[WORK INSTRUCTION]
With pictures left out, return only the lines from the line containing "Die Stationsanzeige bei" through the end of the material below, both included.

[INFORMATION PROVIDED]
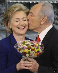 کلینتون در اولین سفر خود در سمت وزیر امور خارجه به اسرائیل با شیمون پرز دیدار کرد
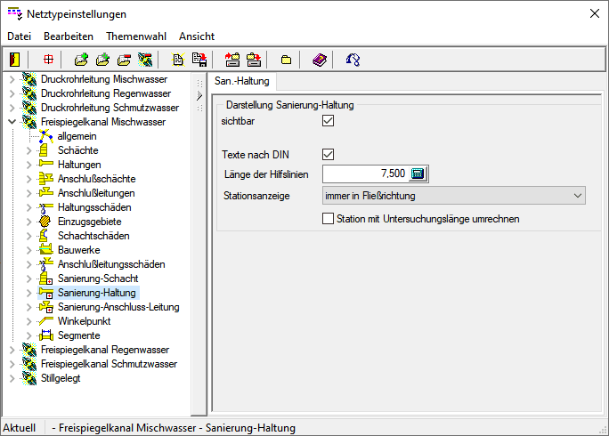 Die Stationsanzeige bei Sanierung-Haltung/-Anschlussleitung ist auf "immer in Fließrichtung" voreingestellt. Dies entspricht damit der Voreinstellung für die Schäden und den ISYBAU-Vorgaben.
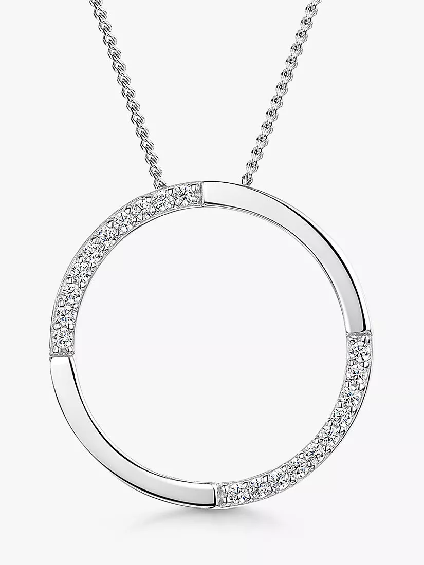 Simple, but beautiful, this necklace from Jools by Jenny Brown features a sterling silver polished open circle pendant set with two-quarters of 1.5mm round brilliant cut cubic zirconia stones.

[SOLUTION TO THIS PROBLEM]
 Die Stationsanzeige bei Sanierung-Haltung/-Anschlussleitung ist auf "immer in Fließrichtung" voreingestellt. Dies entspricht damit der Voreinstellung für die Schäden und den ISYBAU-Vorgaben.
 Simple, but beautiful, this necklace from Jools by Jenny Brown features a sterling silver polished open circle pendant set with two-quarters of 1.5mm round brilliant cut cubic zirconia stones.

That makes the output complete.